I am handling sequences in FASTA format. I used bioperl to parse the sequences. Now, I have to select any two sequences randomly at a time and use it to find the unknown motif. My initial aim is to choose any sequences randomly. I read that function rand() is used to do randomization. But my concern is how can I do it using function rand()? As rand() uses array for randomization and I cannot put the sequences in an array as I think it will not be efficient. Also, does rand() chooses the sequences only once or it may choose the sequences more than once randomly? This code is suppose to run on any number of sequences with a fasta file as input.

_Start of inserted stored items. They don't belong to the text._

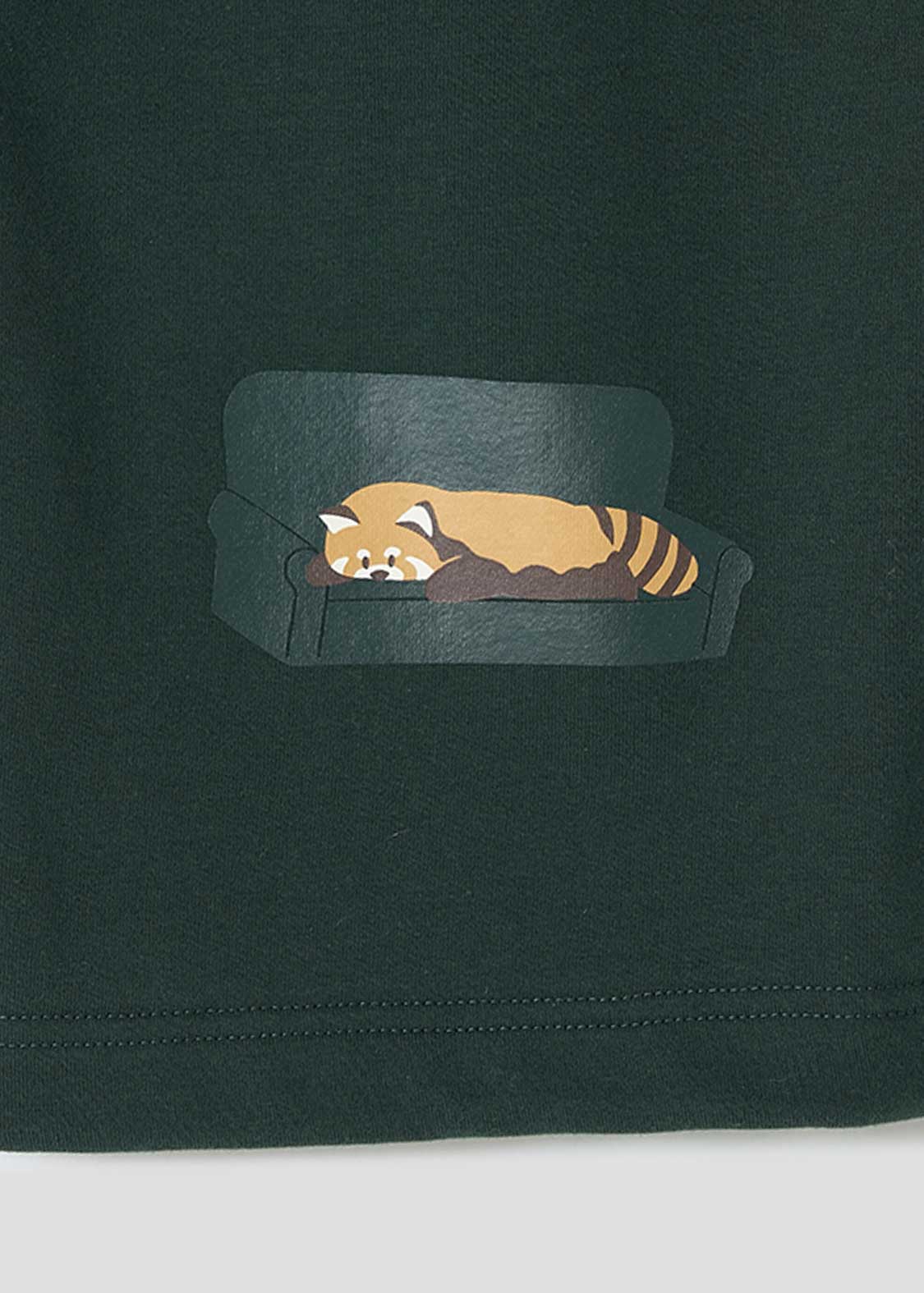 イスに座ってくつろぎながらも威嚇は欠かさないレッサーパンダ。キュートでありながら、シンプルなデザインに仕上げたところがポイントです。
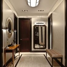 Една от основните задачи на огледалата в малките градски апартаменти е визуално да разширят пространството.. В тесен коридор поставете голям и широк огледален лист на стената и ако вратите на банята и тоалетната се отварят в коридора, тогава можете да помислите за използване на врати с огледални елементи.
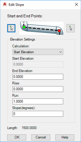 In the Calculation list, click Slope. The Slope calculation allows you to set start and end elevations. You can also use Start Elevation or End Elevation to enter a slope angle or rise.
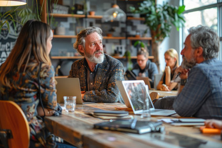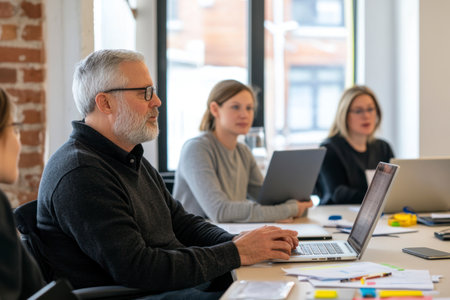 A diverse group of professionals, including an older man with glasses, engaged in a business meeting in a modern office with laptops and documents.
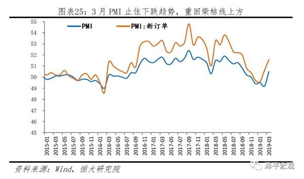 近期随着经济初现企稳迹象但基础不牢,3月制造订单触底回升,1、2月M2和社融触底回升,油价、猪价上涨,1月以来股市大涨,3月以来一二线房地产销售回暖,但实体经济融资难贵问题仍突出。主因是前期货币政策宽松、基建加大力度开始见效,民营经济座谈会讲话、两会公布减税计划、科创版注册制改革等提振民营经济信心。

My aim is to follow the greedy algorithm approach from the book An Introduction to Bioinformatics Algorithm by Jones and Pevzner. Here they have used only first two sequences to find (s1,s2) and then rest of the sequences compared with these two vectors to find the score. In my homework problem I have to choose the pair of sequences randomly. The code is as follows:
GREEDYMOTIFSEARCH(DNA, t, n, l) 1 bestMotif ← (1, 1, . . . , 1) 2 s ← (1, 1, . . . , 1) 3 for s1 ← 1 to n − l + 1 4 for s2 ← 1 to n − l + 1 5 if Score(s, 2,DNA) > Score(bestMotif , 2,DNA) 6 BestMotif1 ← s1 7 BestMotif2 ← s2 8 s1 ← BestMotif1 9 s2 ← BestMotif2 10 for i ← 3 to t 11 for si ← 1 to n − l + 1 12 if Score(s, i,DNA) > Score(bestMotif, i,DNA) 13 bestMotifi ← si 14 si ← bestMotifi 15 return bestMotif
where l is the length of the motif I have to find(this is taken from user), n is the number of nucleotide in a single sequence and t are the number of sequences. Thank you for looking at this question. Any help is greatly appreciated. Let me know if my question is not put in a clear way and I will try to rewrite it in other words.